— Try it —
From the first line to the last, copy the listing exactly and omit the images.

** Given information follows **

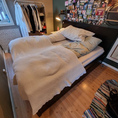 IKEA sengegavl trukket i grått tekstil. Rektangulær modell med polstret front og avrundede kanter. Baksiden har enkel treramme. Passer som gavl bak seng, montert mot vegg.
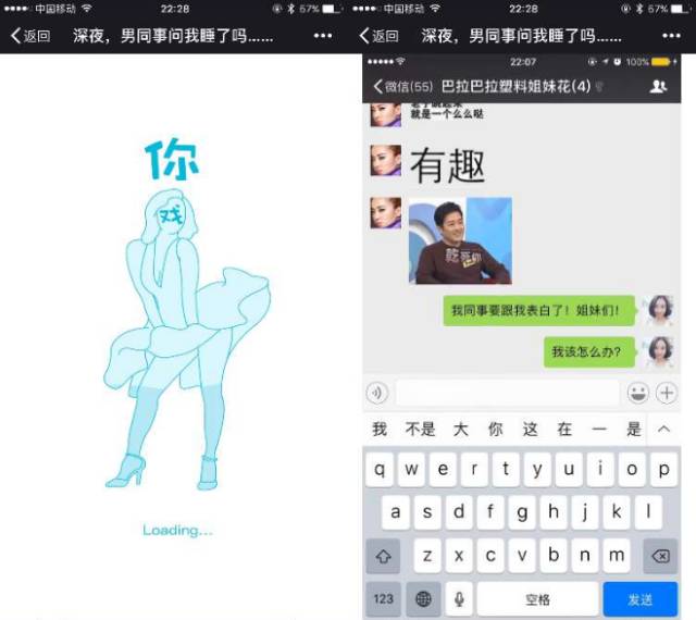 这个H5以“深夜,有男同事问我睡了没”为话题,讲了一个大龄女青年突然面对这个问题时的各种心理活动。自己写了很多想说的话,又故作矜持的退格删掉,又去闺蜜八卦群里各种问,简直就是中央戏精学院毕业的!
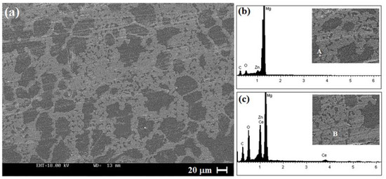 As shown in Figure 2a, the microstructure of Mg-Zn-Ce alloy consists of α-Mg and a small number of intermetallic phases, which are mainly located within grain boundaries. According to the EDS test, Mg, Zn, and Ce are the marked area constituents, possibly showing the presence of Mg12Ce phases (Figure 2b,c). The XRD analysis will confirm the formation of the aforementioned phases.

** End of Given information **

— Reply —
 IKEA sengegavl trukket i grått tekstil. Rektangulær modell med polstret front og avrundede kanter. Baksiden har enkel treramme. Passer som gavl bak seng, montert mot vegg.
 这个H5以“深夜,有男同事问我睡了没”为话题,讲了一个大龄女青年突然面对这个问题时的各种心理活动。自己写了很多想说的话,又故作矜持的退格删掉,又去闺蜜八卦群里各种问,简直就是中央戏精学院毕业的!
 As shown in Figure 2a, the microstructure of Mg-Zn-Ce alloy consists of α-Mg and a small number of intermetallic phases, which are mainly located within grain boundaries. According to the EDS test, Mg, Zn, and Ce are the marked area constituents, possibly showing the presence of Mg12Ce phases (Figure 2b,c). The XRD analysis will confirm the formation of the aforementioned phases.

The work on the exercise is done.